In February 2015, I participated in an ideas workshop organised by the Cleveland Museum of Art (CMA). This explored how their famous Gallery One experience had resonated with audiences since it was launched two years earlier, and how the service might be developed in the future
A major requirement of this was that workshop participants actually used the in-gallery interactives – played with them, re-used them – in other words tried them out like a visitor might.
Here’s a summary of what I found.
There has been a lot written about Gallery One. Rather than add more written text on the subject, I thought I’d just show what the interactives look like when you are standing in front of them, so I’ve use video.
NB – These videos are aimed at museum practitioners. They are produced from footage shot on handheld cameras including my mobile phone. I’ve also used screenshots where needed, so it’s a bit vérité.
Collection Wall
How the Collection Wall connect to the Art Lens App
In-gallery interactives inside Gallery One
Digital signage
Notes – The three areas of Gallery One
Gallery One has three distinct areas:
- The Collection Wall (which can connect data to the Art Lens app)
- The main Gallery One space with art Works and related interactives called “Art Lenses”
- The Studio Play area for young children and families
In addition, there is the Art Lens App, which adds:
- Personalisation of object tours based on objects from the Collection Wall
- A scanning function for extra information on some objects
- A map indicating which objects are in each room
- Geo-location of the visitor and objects via the visitors own devices (you can loan them too)
There are two entrances to Gallery One.
- One entrance is by Studio play and has a large digital display panel (the “Beacon”) immediately inside the entrance.
- The other is through a temporary display space and leads to the Collection Wall.

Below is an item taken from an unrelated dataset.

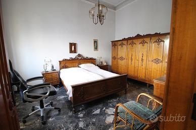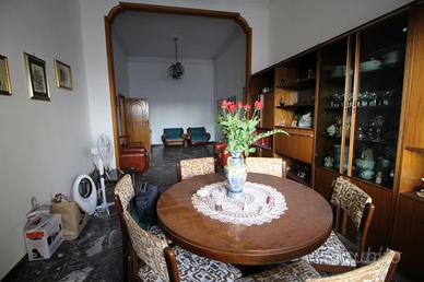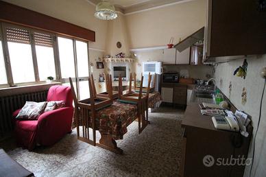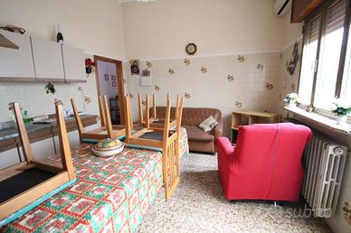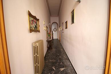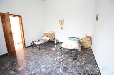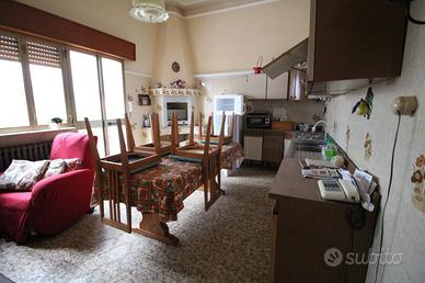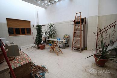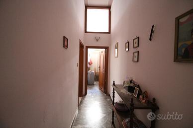 Casa indipendente piano rialzato in zona semicentrale composta da ampio ingresso-soggiorno, disimpegno, due camere da letto, cucina abitabile, bagno, spazioso cortile, garage al piano terra con secondo bagno.

Video footage and screenshots taken on location at Cleveland Museum of Art 26-28 February 2015
andrew – Thank you for participating at CMA’s brainstorming and for your blog. I really enjoyed your videos. I think they do a great job explaining the functionality. Infact – I wish we had these last year for conferences. Very iseful. I already have passed the link to a few museum practitioners who were asking about how it all works. Lovely.